Зимой в девять вечера понедельника провинциальный город абсолютно безлюден. Ни весело, ни грустно, ни одиноко, как-то странно… Казалось, что ты где-то здесь и я тебя обязательно встречу. А вдруг увижу выходящим из ресторана под руку с любимой женщиной? Снова прилетел вертолет, разбрасывая мешки со словами, как гуманитарную помощь. И пока я собирала эти мешки, десятки образов нашего столкновения мелькали перед глазами. На перекрестке что-то заставило меня повернуться и бесцеремонно заглянуть в подъехавший автомобиль. Внутри почему-то горел свет, отчетливый силуэт в синем свитере, коричневых джинсах и профиль взорвали мое сознание. Стоит ли говорить, что мощеная улица ускользала из-под ног, а ноги от меня. Этот призрачный спектакль длился несколько секунд, по сценарию наши взгляды не встретились. Не дожидаясь зеленого сигнала, пошла прочь. Глаза имели право не верить, как и уши некоторое время назад.
И зачем ты включил свет, ты не читал, не искал ничего, просто вцепился в руль и смотрел перед собой?
Зачем хотел показать себя?
Чтобы я, вспоминая тебя, не пошла на свидание с другим?
Чтобы снова написала песню на английском или начала новую главу?
Лучше бы не включал свет. Но нет, тебе хотелось поделиться со мной этим настроением.
Ну спасибо тебе, призрак с улицы Jaume I!
Что ж, увидимся в Барселоне через неделю.
В Жироне лил дождь, о пробежках не могло быть и речи. Начала курить. И подолгу засиживаться в баре. Но, как всегда, нашла свой идеальный закат на крепостной стене. Встретила пожилую пару из Канады, поговорили о Барселоне и моей книге. Они спросили, где можно почитать отрывки из нее, ответила, что не выкладываю ее в Интернет, только несколько цитат в соцсетях. Они удивились, а я им – свою заготовку на такой случай: «Мама говорила, что есть сладкое перед едой – это перебивать аппетит к основному блюду». Они меня поняли и мораль басни заценили.
Хотела уехать в Каркассон, потом в Перпиньян. «Билетов нет», – ответили мне из-за стекла. Спросила, куда есть билеты, кроме Барселоны? В Фигерас. Согласилась.
Обычная электричка. Подсела к испанскому мальчику. Станции не объявляют, в ночь периодически шагают люди из вагона. А мне когда идти? Разобрались втроем: я, мальчик и проводник.

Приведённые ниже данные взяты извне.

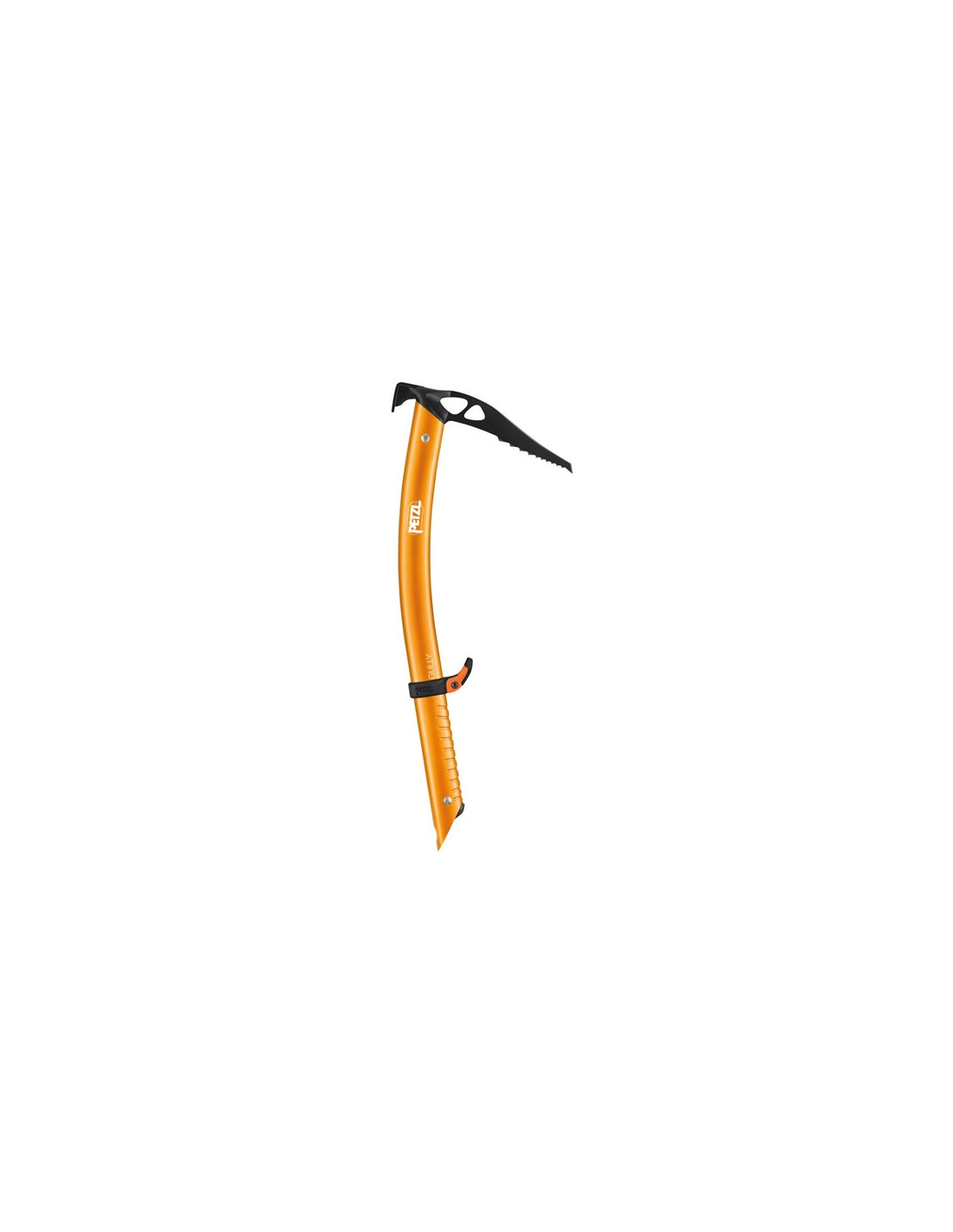 The Gully ice−axe has a slightly curved shaft for improved swing. A steel head and 3mm banana−shaped pick provides efficient penetration and easy unhooking.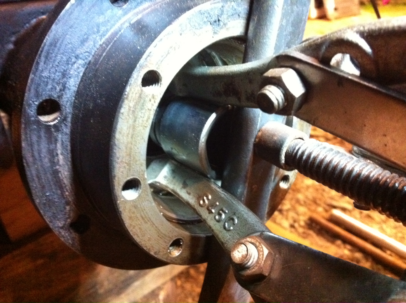 A noter qu'après démontage du premier tambour, j'ai du remplacer la pièce ronde centrale (2 disques d'épaisseur 7mm supperposés ) car elle avait plié

Вышла. Куда дальше? В центр, в город, там, где огни. Качу чемодан и заглядываю в окна закрытых баров. И вот – шум пьяных голосов, запах сигарет, вай-фай и жареная картошка с пивом – то, что нужно одинокому путнику. Русская официантка думает, я здесь работаю (здесь – в смысле в своем компе, такой у меня умный вид). По скайпу поболтала с Хосе, пока ужинала, договорились заняться любовью в отеле, который уже забронировала, посмотрела по карте: это практически соседняя дверь, так что сегодня напьюсь, можно.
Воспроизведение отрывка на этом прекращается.